## Policy Gradient
To maximize the objective function $J(\theta)$
    $$
    \underset{\theta}{\operatorname{arg max}}J(\theta) = \underset{\theta}{\operatorname{arg max}} \mathbb{E}_{s \sim d_\pi}\left [ V_\pi(s) \right ] 
    $$
we can use the policy gradient theorem:
$$
\nabla_\theta J(\theta)  = \mathbb{E}_{s \sim d_\pi}\left [\mathbb{E}_{a \sim \pi_{\theta}(\cdot \vert s)} [Q_\pi(s, a) \nabla_\theta \ln \pi_\theta(a \vert s)] \right ] 
$$
Sample from $a \sim \pi_{\theta}(\cdot \vert s)$ and a monte carlo estimation of $\nabla_\theta J(\theta)$ is:
$$
\boldsymbol{g}_\theta(s, a) \doteq Q_{\pi_\theta}(s, a) \nabla_\theta \ln \pi_\theta(a \vert s)
$$

## Generalization Advantage Estimation(GAE)
![](./doc/gae_0.png)
![](./doc/gae_1.png)
![](./doc/gae_2.png)

$$
\hat{A}_t^{GAE(\gamma, \lambda)} = \sum_{l=0}^{\infty} (\gamma \lambda)^l \delta_{t+l} = \delta_{t} + (\gamma \lambda) \hat{A}_{t+1}^{GAE(\gamma, \lambda)}
$$

In [20]:
from torch import nn
import torch    

class Critic(nn.Module):
    def __init__(self, state_dim, hidden_dim = 64, dim_pred = 1):
        super(Critic, self).__init__()
        
        self.proj_in = nn.Sequential(
            nn.Linear(state_dim, hidden_dim),
            nn.Tanh(), 
            nn.Linear(hidden_dim, hidden_dim),
            nn.Tanh()
        )

        self.value_head = nn.Linear(hidden_dim, dim_pred)

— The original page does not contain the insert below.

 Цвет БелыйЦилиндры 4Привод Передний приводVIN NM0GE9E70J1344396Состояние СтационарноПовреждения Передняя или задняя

    def forward(self, state):
        x = self.proj_in(state)
        x = self.value_head(x)
        return x

num_samples = 9
state_dim = 10
critic = Critic(state_dim)
state = torch.randn(num_samples, state_dim)
rewards = torch.randn((num_samples, 1))
dones = torch.zeros((num_samples, 1))
dones[-1] = 1.0
next_states = torch.randn(num_samples, state_dim)
gamma = 0.99
lambda_ = 0.95

td_target = rewards + gamma * critic(next_states) * (1.0 - dones)
td_delta = td_target - critic(state)
print((gamma * critic(next_states)).shape)

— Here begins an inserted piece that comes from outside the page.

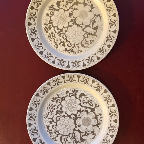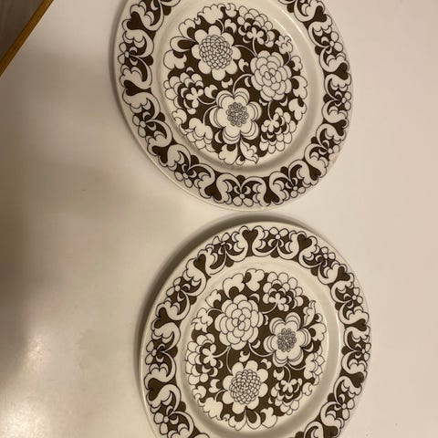 Hyväkuntoinen ruskea/valkoinen Arabian Gardenia lautanen, halkaisija 20,5cm.

advantages = torch.zeros((num_samples, 1))
advantages[-1] = td_delta[-1]
for t in range(num_samples - 2, -1, -1):
    advantages[t] = td_delta[t] + gamma * lambda_ * advantages[t + 1]

print(advantages.shape)


torch.Size([9, 1])
torch.Size([9, 1])



## The TRPO formula
Importance sampling ratio:
$$
\underset{\theta}{\operatorname{arg max}} \mathbb{E}_{s}\left [\mathbb{E}_{a \sim \pi_{\theta_\text{old}}(\cdot \vert s)} [  \frac{\pi_\theta(a \vert s)}{\pi_{\theta_\text{old}}(a \vert s)} \hat{A}_{\theta_\text{old}}(s, a) ] \right]
$$

## The PPO Algorithm
$$
\underset{\theta}{\operatorname{arg max}} \mathbb{E}_{s}\left [\mathbb{E}_{a \sim \pi_{\theta_\text{old}}(\cdot \vert s)} [\min(\frac{\pi_\theta(a \vert s)}{\pi_{\theta_\text{old}}(a \vert s)} \hat{A}_{\theta_\text{old}}(s, a), \text{clip}(\frac{\pi_\theta(a \vert s)}{\pi_{\theta_\text{old}}(a \vert s)}, 1 - \epsilon, 1 + \epsilon) \hat{A}_{\theta_\text{old}}(s, a))]\right]
$$